Pluggable job queue implementation
Queue controls what build/test jobs are executed where and when, so it's a critical piece in the better utilization of the system. There are a lot of other things that can be put into making scheduling decisions, such as trying to keep a project on the set of small machines as much as possible, figuring out the system capabilities through build times, or detecting broken slaves and trying to avoid that, etc. So we'd like to let the community and interested developers experiment with new and different queue implementations, but the current queue implementation in Hudson is monolithic and cannot be replaced.

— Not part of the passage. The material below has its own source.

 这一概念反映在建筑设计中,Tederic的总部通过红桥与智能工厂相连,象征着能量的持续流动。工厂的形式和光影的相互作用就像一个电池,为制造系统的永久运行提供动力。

This project is thus first to make the queue implementation pluggable, then experiment with various queue implementations. The algorithm for queue is open-ended, but if you need some concrete suggestions to start with, consistent hashing is an interesting starting point to improve the locality of builds.
Expect some concurrency programming.
Opening up a Hudson cluster for other uses
Hudson creates a cluster of nodes that it uses for builds and tests, but allowing people to use the cluster for other purposes is useful, too.

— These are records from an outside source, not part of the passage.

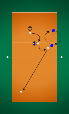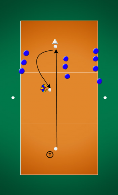 Popis: Útočící hráč si přihrává lehký balón od trenéra a po nahrávce útočí do vymezeného území, které brání polař. Útočník získává bod, pokud míč spadne do vymezeného území nebo bránící hráč balón vybere tak, že by rozehra nemohla pokračovat. V ostatních případech získává bod polař. Hrajeme do 5 bodů.
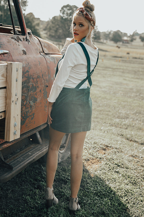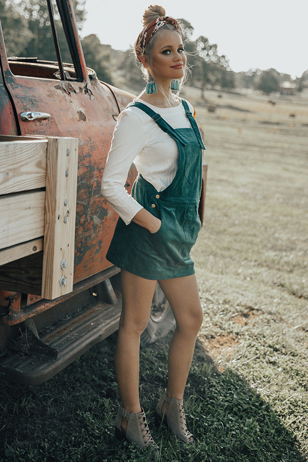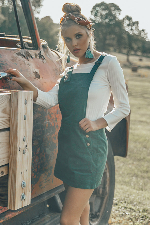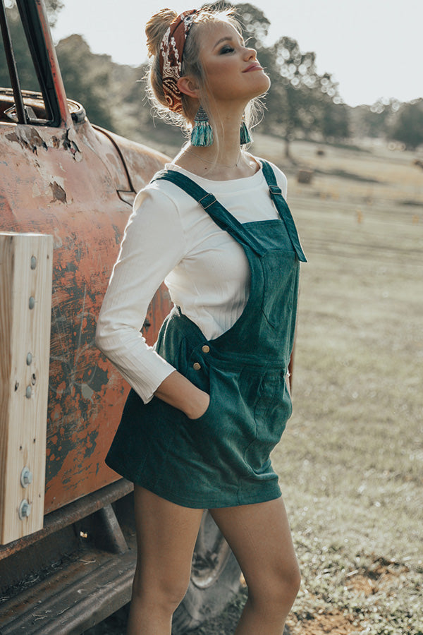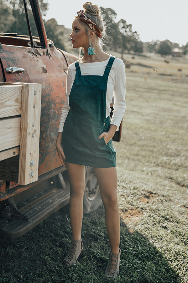 The "Strolling Through Brooklyn Overall Dress" is the perfect blend of old & new school! This woven overall dress has a pocketed bib front with adjustable straps that criss-cross in the back, & a pocketed skirt with button-down sides & a sassy mini-length hem. It's dark teal hue & velvety feel give this dress a retro old school feel, while it's slim figure-flattering silhouette & mini length hem add the perfect modern twist. Pair this overall dress with a fitted thermal or turtleneck, for a trendy transitional look that's sure to steal the show wherever you go!
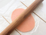 それぞれの生地をさらに2つに分けて合計6コにします。ラップ材の間に挟み、両脇に竹串を置いてめん棒で平らに伸ばします。(生地が均等な厚さになります)
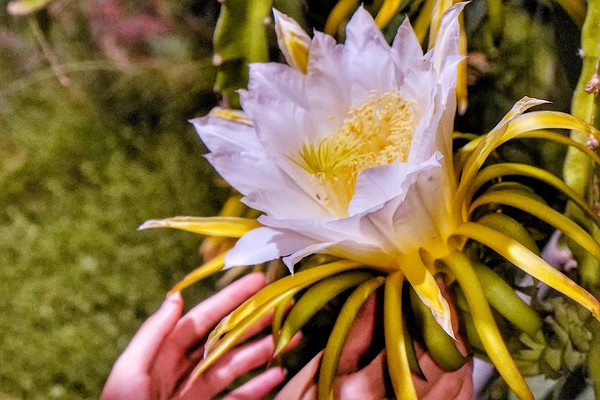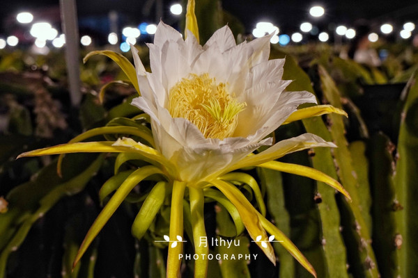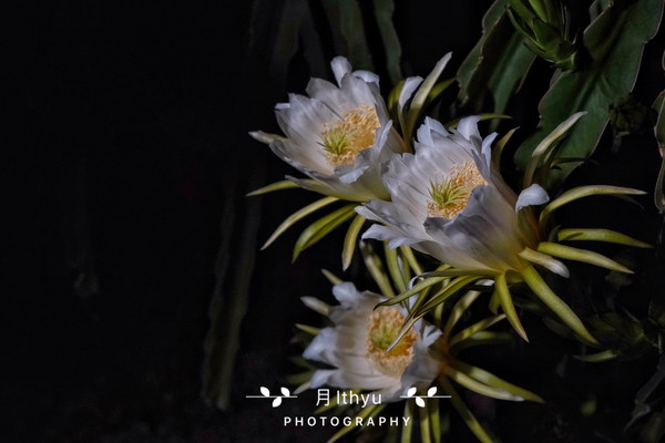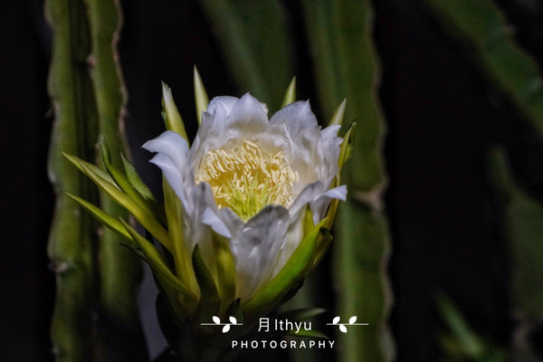 到了夜晚可不要早早睡噢,这时候火龙果花在悄悄地绽放,整片的雪白星点,美得像夜间的精灵。只有拿灯光靠近才能发现这是火龙果花,夜越深越美丽,越到晚间才会开得越大,难怪称为霸王花。第一次见到火龙果开花,大家都兴奋得像个孩子,拿起手机打起光,对着花各种拍照,每看到一朵就是一声惊艳,看似相同的花,绽开的角度却各有不同,每一朵都美的让人窒息。站在百花盛开的火龙果园中,闻着花香,欣赏着星空,这种美景估计也只有在此才可以欣赏。
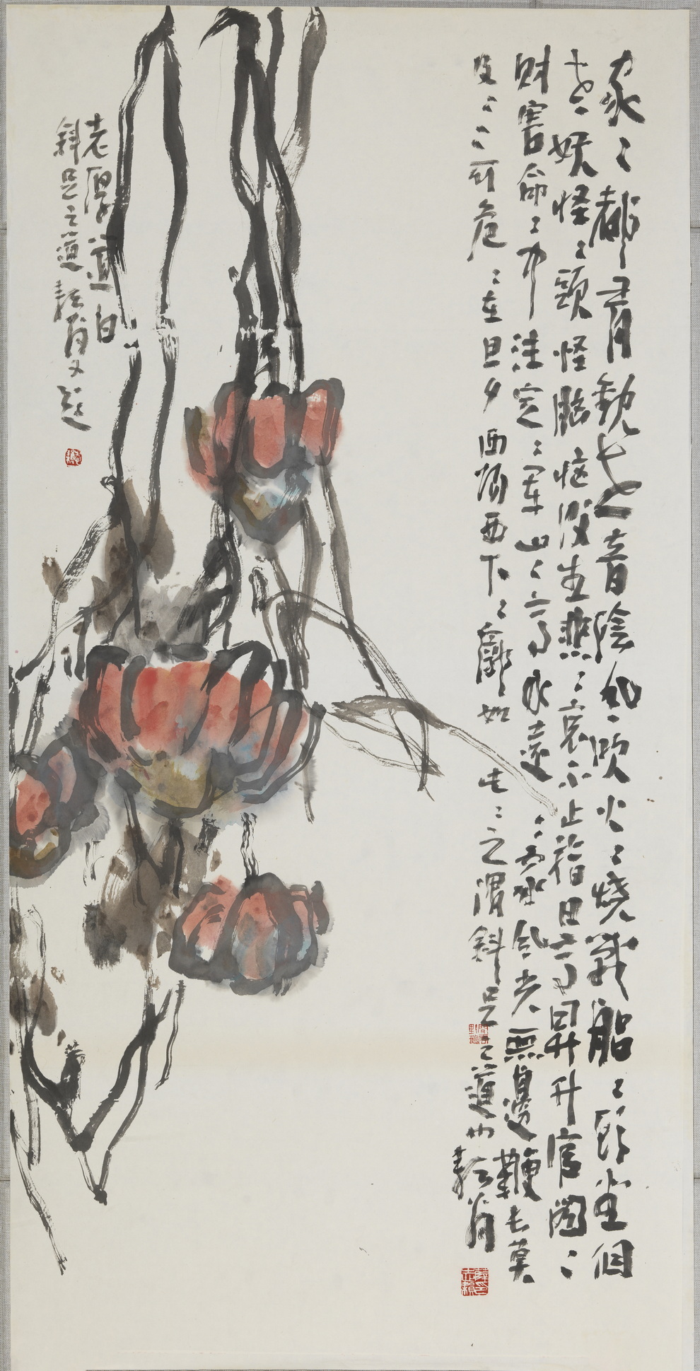 釋文:家家都有觀世音,陰風吹火,火燒戰船,船頭坐個老妖怪,怪頭怪腦,惱后生悲,悲哀不止,指日高升,升官圖,圖財害命,命中注定,定軍山,山高水遠,遠處風光無邊,鞭長莫及,岌岌可危,危在旦夕,夕陽西下,下廓如此,此之謂斜足之道也,耘翁。 老厚道(白),斜(足)之道,耘翁又題

To that end, this project is about developing a general-purpose environment for doing a distributed computing. We can discuss what kind of approaches would make sense, but if you need some concrete suggestions to get started, it could include:
- Scripting language like Groovy, patched a little to support distributed computation, as the environment to write a program that spans multiple JVMs. This experiment is already done to some degree to verify the feasibility of this effort.
- A few library calls on this environment for common tasks, such as staging files on multiple JVMs, telling Hudson that the script is using nodes, and/or forking the same process over a large number of nodes.

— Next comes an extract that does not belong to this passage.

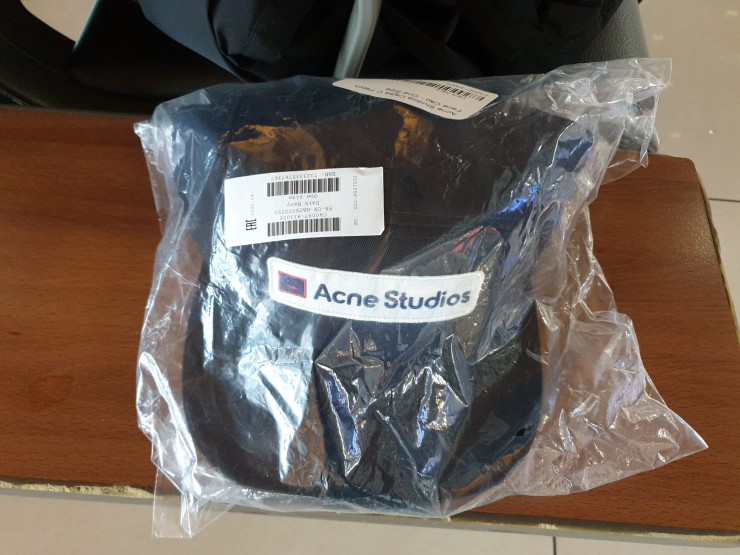 비닐에 이쁘게 포장되어있는 아크네스튜디오 모자.

- A CLI and/or Ant task to make this functionality available to different environments.
Such environment can be used to simplify the administration of Hudson cluster, perform one-off tasks, do distributed testing, and a lot more.
Unified Instant Messenger support
Hudson has several plugins that define connectivity to different IM protocols for notification and bots, but there's not much code reuse between them, and each bot end up looking very different.
This project is about defining an abstract model of instant messenger and the bot, in such a way that the concrete protocol support can be implemented as add-ons. A project should also define several other extension points, such as adding new bot commands.
Support for Jython/JRuby plugin
Plugins have always been one of the strong points of Hudson, but the fact that it has to be written in Java makes it unnecessarily hard to write a simple plugin. So this project is about letting people write a plugin in other languages, whose interpreters are available in JVM (such as Jython and JRuby.)
Such environment can focus on common use cases, such as writing a builder, and need not support everything. We should take advantage of this to further reduce the boiler plate code that a Hudson plugin may require.
Add Windows Integrated Authentication to Hudson
Windows domains and Internet Explorer supports Keroberos-on-SPNEGO based single sign-on solution called "Windows Integrated Authentication". This allows the users of a Windows domain to access a remote web application without typing the password again. There are several pieces in JDKs that implement a part of the protocol, but it's not as readily usable as it should be.
So this project is about wrapping the WIA support into a reusable library, and then integrate that into Hudson. This will benefit Java webapps in general, not just Hudson.
This task is very well scoped out, so the creativity is mainly in implementation and designing it for reusability. Some of you may like that, and some others may hate that.
Wake on LAN support
Work load on Hudson tends to be spiky, and it's rare to see the entire cluster utilized. Therefore, to make Hudson greener, it'd be nice for Hudson to be able to shut down unused nodes and bring them back on as the load changes. There is already an infrastructure in Hudson to do this, but it currently lacks the means to power it off and bring it up.
This project is about implementing a Wake-on-LAN protocol support, which allows us to remotely power on a computer over the network, combined with various platform-specific shutdown techniques, to implement this mechanism.